4つのチームタイプと3つのインタラクションモード
チームの役割やコミュニケーションの曖昧さを減らすため、組織設計のテンプレートをたった4つのチームタイプと3つのインタラクションモードに限定している。
4つのチームタイプ
- ストリームアラインドチーム
- プラットフォームチーム
- イネイブリングチーム
- コンプリケイテッド・サブシステムチーム
価値のある単一の仕事のストリームを扱うストリームアラインドチームと、それを支援する3つのチーム。
3つのインタラクションモード
- コラボレーション
- X-as-a-Service
- ファシリテーション
4つのチームは、その都度適切なモードでインタラクションする。
組織設計を進化させる
ソフトウェアと同じく、組織設計も最初から正しいものができるわけではないし、状況は常に変化する。組織的センシングに投資することでそのきっかけを捉え、適切に修正していくことで、デリバリーを継続していくことが可能になる。
感想
仕事の規模が個人を超えて組織的になり始めた頃から、認知負荷が増大しているのを感じている。組織が拡大するについれて組織構造や労働環境の向上に着手することが多いが、それはあくまで一般的な組織についてのそれであり、ソフトウェア開発を扱う組織としてはそのプラス要素を覆して余りある。

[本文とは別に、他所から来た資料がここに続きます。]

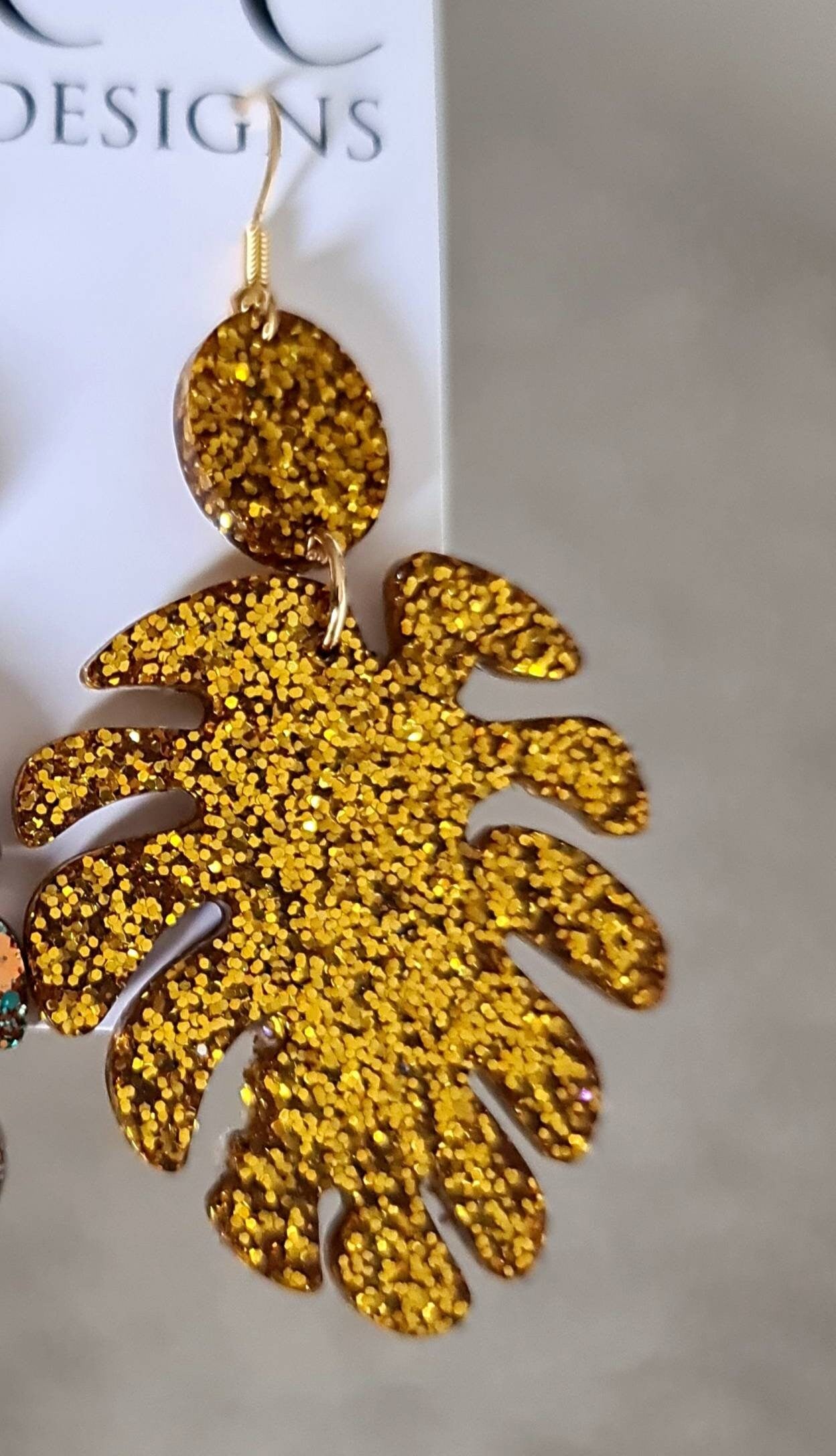 Large Monstera Leaf Long Dangle Earrings, Gold Glitter Resin Dangle Statement Earrings, Choose Silver or Gold Hooks

コンウェイの法則については、個人的な経験からも、組織構造からくる意思決定は多いと感じるし、システムの境界付近は一際複雑になっていることが多い。
デリバリー速度増加の需要とそのために組織へのアプローチが必要な点は、GoogleのDORAチームのレポートなどからも見て取れる。
"当社の調査では、サービスやチーム間の細かな依存関係を解消することで、ITパフォーマンスを向上させることができることが分かっています。"

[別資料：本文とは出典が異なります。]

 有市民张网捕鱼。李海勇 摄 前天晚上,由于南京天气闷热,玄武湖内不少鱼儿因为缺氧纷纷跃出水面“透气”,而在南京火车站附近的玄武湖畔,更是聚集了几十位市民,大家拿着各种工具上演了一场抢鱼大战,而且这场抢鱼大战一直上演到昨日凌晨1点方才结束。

『Accelerate State of DevOps 2021』(DeepL翻訳)
このような複雑さの増加とスピードの要求が高まるなかで、チームトポロジーのようなアプローチを持って、ソフトウェア開発に適合する組織を設計していく必要を感じている。
(おまけ)最近読んだ書籍からコンウェイの法則に言及しているもの
"さらにコンウェイは、組織図が最初のシステムデザインをまず反映するが、そのデザインはほとんど正しくないに決まっている、とまで言っている。システムデザインが自由に変更できるものだと言うなら、組織も変更に対応できなくてはならない。"
フレデリック・P・ブルックス 『人月の神話』
"システム開発者は、コミュニケーションコストの坂道と同じようにシステムの構造を作っていくという行為が最も効率的な設計であると思ってしまいます。これが、「コンウェイの法則」という経験則が生まれる背景です。"
広木大地 『エンジニアリング組織論への招待~不確実性に向き合う思考と組織のリファクタリング』
「コンウェイの法則」はソフトウェア開発の原理・原則なのだろう。